Constraints are applied to each courier within a courier group. Each constraint is a combination of an offset (the amount of time for which a courier group will accept data) and a wait time (an amount of time that extends the defined time window).

Specify wait times

A wait time is a constraint placed on a courier group that defines an extended time window for data to be made available at the source location. A courier group typically runs on an automated schedule that expects customer data to be available at the source location within a defined time window. However, in some cases, the customer data may be delayed and isn’t made available within that time window.

Use a wait time to extend the time window for data to be made available. This can help reduce the number of SLA alerts that may be generated for data sources that cannot be picked up by a courier group.

Note

For couriers associated with a filedrop location the default wait time is 0. A polling operation only checks for a data source before declaring success or failure. For couriers associated with REST APIs and data warehouses, the polling operation is always considered to be successful.

Define offsets

An offset is a constraint placed on a courier group that defines a range of time that is older than the scheduled time, within which a courier group will accept customer data as valid for the current job.

A courier group offset is typically set to be 24 hours. For example, it’s possible for customer data to be generated with a correct file name and datestamp appended to it, but for that datestamp to represent the previous day because of the customer’s own workflow. An offset ensures that the data at the source location is recognized by the courier as the correct data source.

Warning

An offset affects couriers in a courier group whether or not they run on a schedule.

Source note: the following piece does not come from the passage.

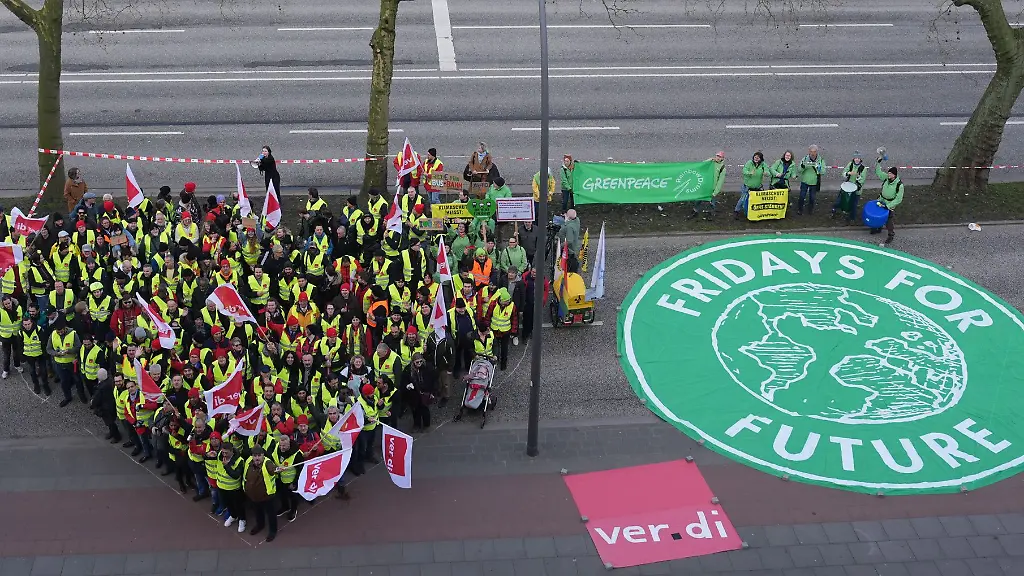 Hamburg (dpa/lno) - Die Klimabewegung Fridays for Future und die Gewerkschaft Verdi sind in der Hamburger Innenstadt gemeinsam für mehr Klimaschutz und eine Stärkung des öffentlichen Nahverkehrs auf die Straße gegangen. Hunderte Menschen zogen am Freitag vom Gewerkschaftshof am Besenbinderhof zum Rathaus. Die Demonstration war Teil der bundesweiten Kampagne "#WirFahrenZusammen" von Klimabewegung und Gewerkschaft. Wegen eines 48-stündigen Warnstreiks bei Hochbahn und VHH standen währenddessen die Busse und Bahnen in Hamburg den zweiten Tag in Folge still.

Each data source has a different assumption of what data is ready to load when, and each customer may have a different ask for the age of the data they expect to see in the system each day. An offset subtracts some amount of time from the global range before executing an individual courier, allowing for flexibility in a schedule.

Imagine a courier group with a heterogenous set of couriers and the following constraints:

  1. The courier group is run every day at 13:00 (UTC).

  2. Courier #1 is an Amazon S3 courier where the incoming files each day are labeled with yesterday’s date.

  3. Courier #2 is an Amazon S3 courier where the incoming files each day are labeled with today’s date.

  4. Courier #3 is a Campaign Monitor courier where the incoming files should be loaded at 00:00-00:00 from the day before.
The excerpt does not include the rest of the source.